CRYSTALS-Dilithium

Dilithium is a digital signature scheme that is strongly secure under chosen message attacks based on the hardness of lattice problems over module lattices. The security notion means that an adversary having access to a signing oracle cannot produce a signature of a message whose signature he hasn't yet seen, nor produce a different signature of a message that he already saw signed.

Why We Use CRYSTALS-Dilithium for Post-Quantum Digital Signatures

The Problem

Modern cryptographic systems depend heavily on digital signatures to verify identity and ensure message integrity. For decades, algorithms like RSA and ECDSA (Elliptic Curve Digital Signature Algorithm) have done this job.But quantum computing breaks both.

• Shor’s algorithm can efficiently solve the mathematical problems underlying RSA and ECC.

• Once quantum computers scale, these signatures will be forge-able, threatening identity, messages, and even historical data.

We need a signature scheme that can withstand quantum threats without compromising performance, size, or auditability.

Why Dilithium

CRYSTALS-Dilithium is a post-quantum digital signature algorithm, standardized by NIST (FIPS 204), and designed to replace RSA and ECDSA in a future-proof way.

It’s part of the same cryptographic family as ML-KEM (Kyber), making it a natural counterpart for hybrid or fully quantum-safe applications.

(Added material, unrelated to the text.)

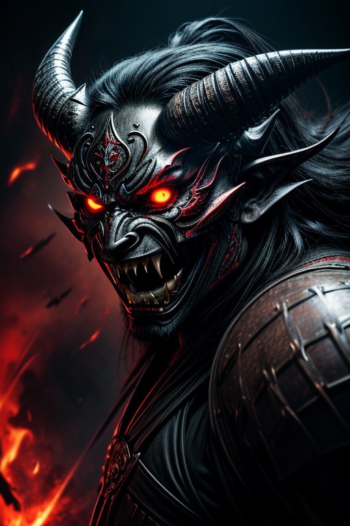 masterpiece, best quality, absurdres, illustration, photorealistic, cinematic, dynamic angle, perfect composition, 1other, oni mask, fearsome expression, glowing eyes, sharp fangs, intricate horns, red and black hues, intimidating aura
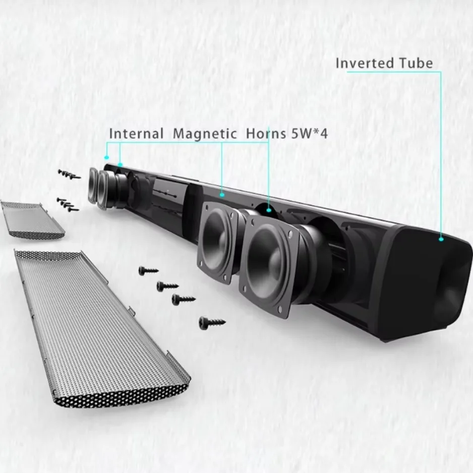 Built for versatility, this soundbar supports multiple input options including RCA, AUX, and TF card, allowing easy connection to TVs, computers, and media players. The included remote control provides convenient access to volume and playback settings from anywhere in the room. Sleek, compact, and easy to use, this soundbar is a practical upgrade for any home entertainment setup.

We use (or plan to use) Dilithium for:

• User and device authentication

• Verifying signed messages or content

• Signing session data or credentials

• Decentralized identity verification (DIDs)

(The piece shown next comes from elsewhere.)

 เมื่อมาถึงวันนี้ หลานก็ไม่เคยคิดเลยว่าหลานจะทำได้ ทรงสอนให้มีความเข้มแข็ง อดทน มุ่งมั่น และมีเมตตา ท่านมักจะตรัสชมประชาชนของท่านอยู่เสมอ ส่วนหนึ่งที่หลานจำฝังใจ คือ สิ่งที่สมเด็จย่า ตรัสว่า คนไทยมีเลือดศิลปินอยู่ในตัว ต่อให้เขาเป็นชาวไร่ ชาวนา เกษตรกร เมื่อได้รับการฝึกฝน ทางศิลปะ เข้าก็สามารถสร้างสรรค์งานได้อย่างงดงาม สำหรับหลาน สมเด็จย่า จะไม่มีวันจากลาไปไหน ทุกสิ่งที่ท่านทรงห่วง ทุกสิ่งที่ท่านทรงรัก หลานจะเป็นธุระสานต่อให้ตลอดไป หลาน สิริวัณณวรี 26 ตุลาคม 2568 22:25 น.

• Quantum-safe key exchanges, paired with ML-KEM

Why It’s a Fit for Our Architecture

Based on Hard Lattice Problems

Dilithium is built on Module Learning With Errors (MLWE) and Module Short Integer Solution (MSIS) both widely accepted as resistant to quantum attacks.Unlike ECC or RSA:

• These problems don’t have known polynomial-time quantum algorithms

• They remain hard even with massive computing power

This gives us long-term confidence that signatures can’t be forged even by nation-state-level quantum adversaries.

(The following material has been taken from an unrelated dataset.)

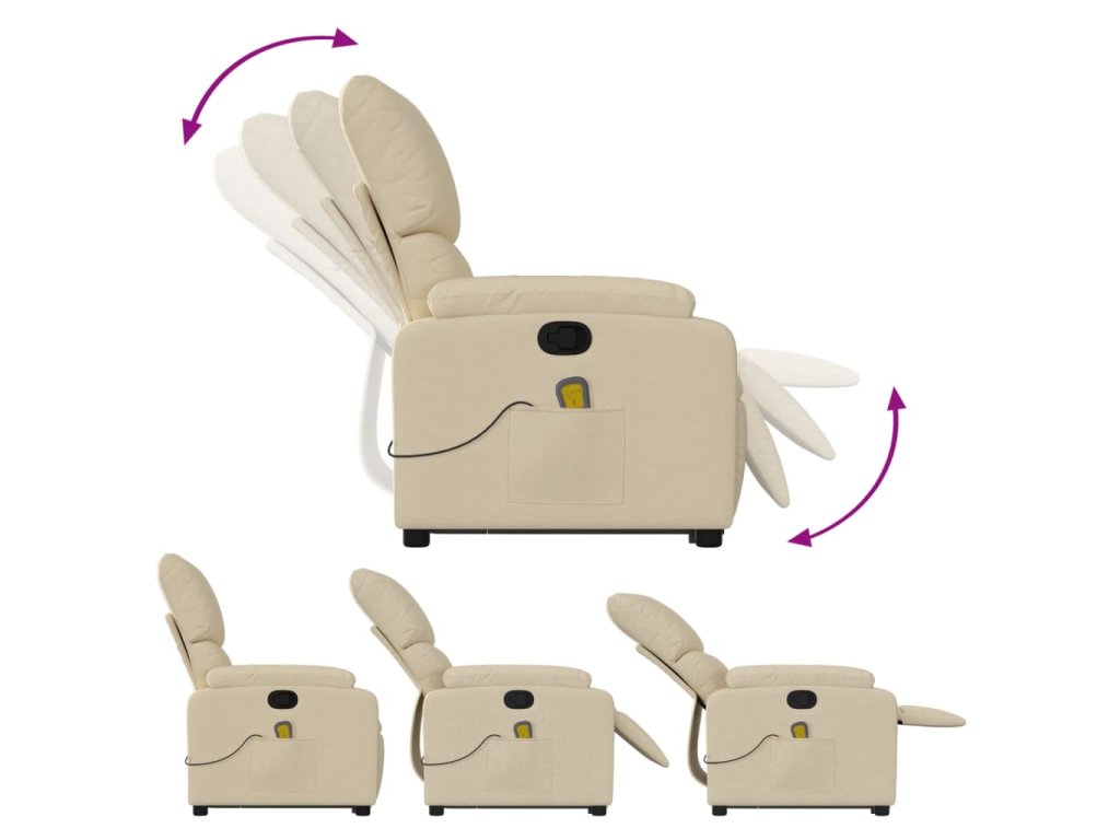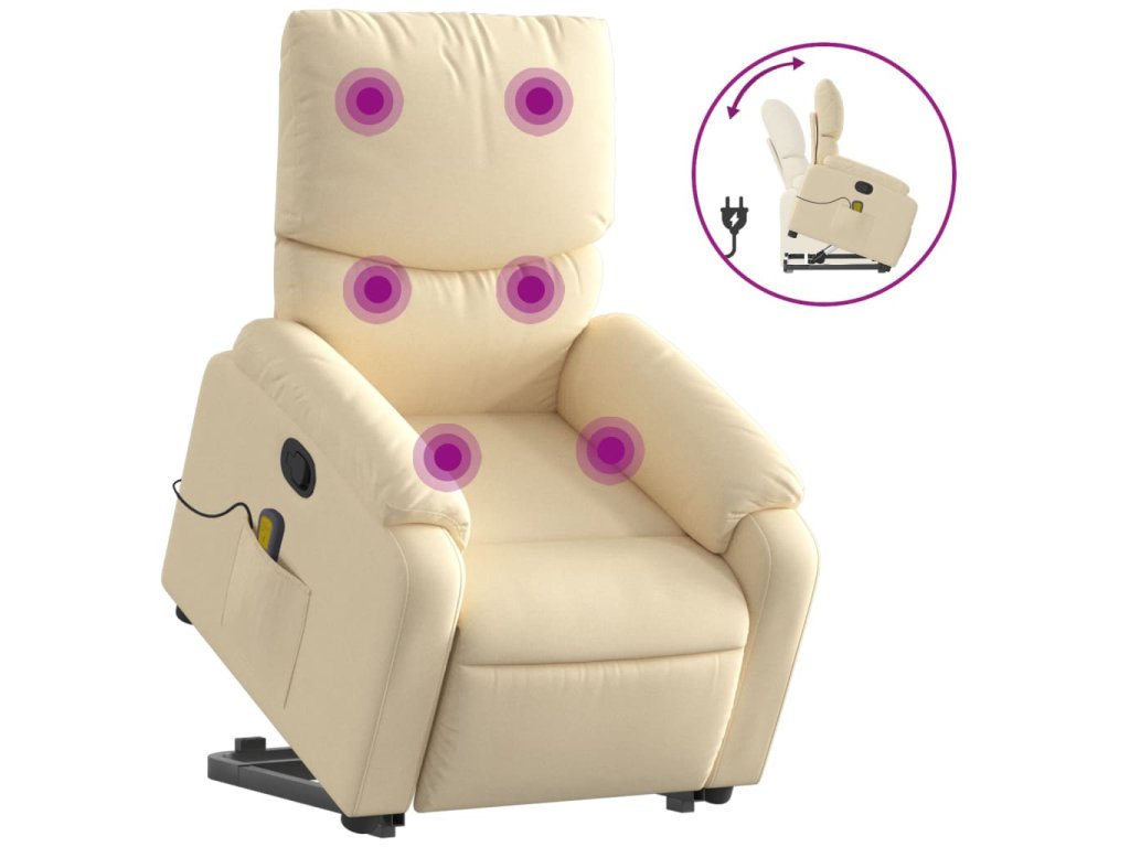 Zvedací masážní polohovací křeslo krémové textil 3204845

Balance of Security, Size, and Performance

Dilithium II	Level 2	2.4 KB	1.3 KB	2.5 KB
Dilithium III	Level 3	3.2 KB	1.9 KB	4.0 KB
Dilithium V	Level 5	4.2 KB	2.5 KB	4.8 KB

We typically choose Dilithium II or III, depending on the application:

• Level II is sufficient for most mobile auth or API verification

• Level III is better for highly sensitive contexts or national/institutional security

Unlike many post-quantum schemes, Dilithium’s signatures are still small enough for mobile and web environments, and far smaller than alternatives like Rainbow or SPHINCS+.

Stateless, Hash-Based, and Side-Channel Resistant

• Stateless: No need to track random state (unlike XMSS)

• Hash-based signing: No trapdoors or secret structures

• Side-channel hardened: Implementations are designed to resist timing attacks a common vector on mobile devices

This makes it ideal for hardware-bound environments and user-facing apps, where signatures might be generated often and unpredictably.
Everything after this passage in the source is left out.